Figure 3Feature enrichment of SV-eQTLs. Fold enrichment and 95% confidence intervals (based on 100 random shuffled sets of the positions of SVs in each bin) for the overlap between the most significant SV and various annotated genomic features at the union of eQTLs discovered by SV-only or joint eQTL mapping. (a) Composition of each causality score bin by SV type. (b) Enrichment for an SV in each bin of causality to touch exons of the affected eGene.

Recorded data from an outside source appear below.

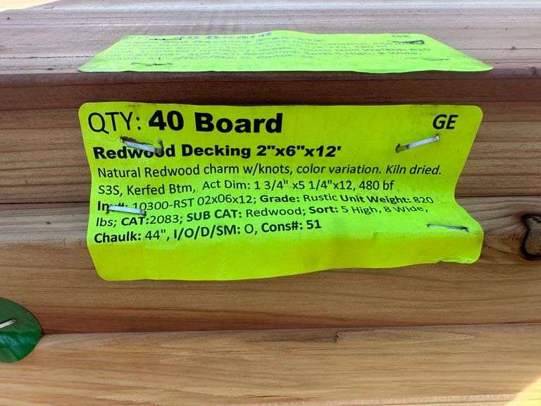 Redwood Decking 2"x6"x12". Natural Redwood, Charm With Knots, Color Variation, Kiln Dried, S3S, Kerfed Bottom, Actual Dimensions: 1 3/4"x5 1/4"x12', 480 Board Foot, Grade: Rustic, *Condition Note: Split/Chipped Edges, Please See Photos* Weight: 820. Sold by: Board. Sold as: Price x Quantity.
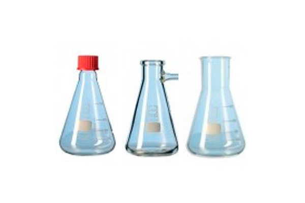 Erlenmeyer de diferentes capacidades. Cuello ancho o angosto, con tapa rosca en caso de requerirse. Erlenmeyer de vacío, para aplicaciones en aspiración de líquidos y filtración por vacío.
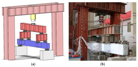 For the calculation of the shear capacity of reinforced concrete (RC) beams, the compilation of the concrete structure design code [1] is mainly based on the test results of ordinary RC beams under direct loading. However, in general cast-in-place concrete structures, the load is not directly loaded on the main beam, but indirectly loaded through the secondary beam or slab, so the loading mode in the actual structure is different from the direct loading mode commonly used in the test, as shown in Figure 1. Therefore, the shear failure mechanism of indirectly-loaded RC beams via secondary beams is obviously different from that of RC direct-loaded beams, causing the shear capacity of the primary beam to be considerably lower [2,3,4,5,6,7,8,9,10,11]. In order to solve this problem of the shear bearing capacity, the structural design of RC beams under indirect loading usually requires additional transverse reinforcement to strengthen the connection between the primary and secondary beams. However, the mechanical properties of concrete and steel will deteriorate to different degrees under fire exposure, thus weakening the bearing capacity of reinforced concrete (RC) members. Therefore, the occurrence of fire will endanger the safety of reinforced concrete (RC) buildings [12,13,14,15,16,17].
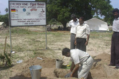 Grundsteinlegung Bei unserem Projekt ist die Finanzierung zu einem Großteil gesichert, sodass mit dem Bau der ersten Gebäude im Juli 2005 begonnen werden konnte. Bis Dezember sollen die Rohbauarbeiten abgeschlossen sein, da in Sri Lanka dann die 3-monatige Regenzeit beginnt. Der Bau unseres Waisenhauses wird vor Ort von einem Mitarbeiter der TRO betreut, überwacht und dokumentiert, sodass wir ständig über den aktuellen Stand informiert sind.
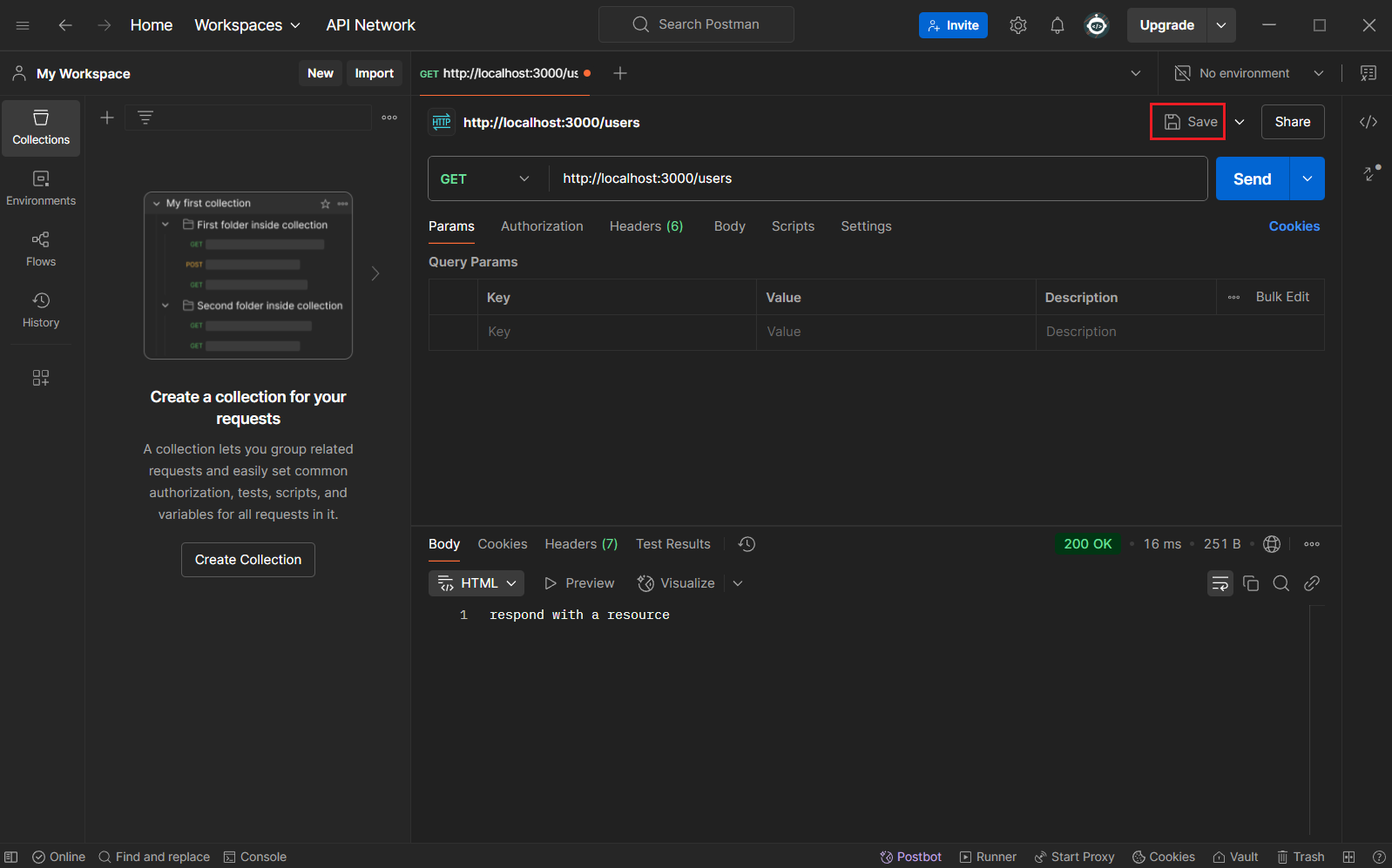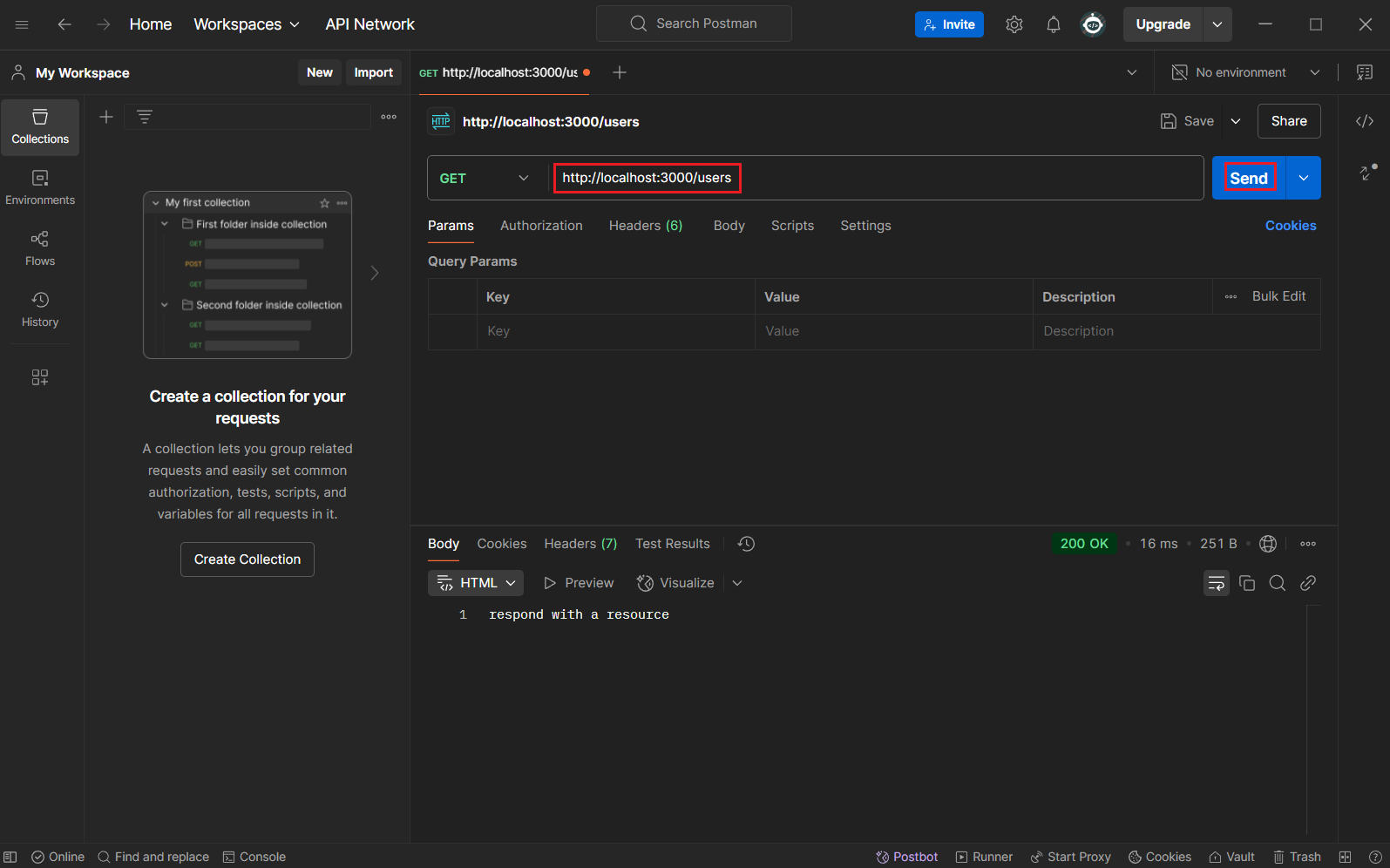 --> 아래에 respond with a resource가 나오면 성공 (routes/users.js 파일에 있는대로 나온 것)

For the remaining plots in blue (c-f), SVs that overlapped with an exon of their affected eGene were excluded, yet the remaining SVs still showed significant enrichment in (c) enhancers from the Dragon Enhancers Database (DENdb), (d) in the 10 kb regions upstream and (e) downstream of transcriptions start sites (TSS), and (f) regions predicted to be highly occupied by transcription factors (FunSeq HOT regions).
Figure 4Candidate SV-eQTLs at GWAS loci. Genomic position and haplotype blocks are shown on the x-axis, and each variant’s association with the indicated eGene is shown on the y-axis. The rectangular points represent the predicted causal SV, with the colors representing its linkage (r2) to each marker in the window. The labeled diamonds show the reported risk allele for the specified GWAS phenotype. (a) A 294 bp deletion that intersects an enhancer in intron 1 of DAB2IP was linked to a risk allele for abdominal aortic aneurysm (rs7025486), and is also predicted to be a causal eQTL for DAB2IP. (b) A 1,468 bp deletion associated with increased expression of PADI4 is linked to a known risk allele for rheumatoid arthritis (rs2301888).
Figure 5Gene expression outliers are associated with rare SVs. (a) Fold enrichment of rare variants within 5 kb of expression outliers (red) and fold enrichment of outliers within 5 kb of rare variants (blue) between the observed set of 5,047 outliers and 1,000 random permutations of their sample names (y-axis is log-scaled). (b) Effect size distributions for each SV type within 5 kb of an outlier in the same individual, with “coding” SVs defined as those that overlap with exons of the outlier gene and “noncoding” defined by the remainder. (c) Size distribution histograms by minor allele frequency (MAF) classes and rare SVs within 5 kb of an expression outlier in the same individual, excluding balanced rearrangements. A peak at ~300 bp in the top two plots results from Alu SINE insertions in the reference genome.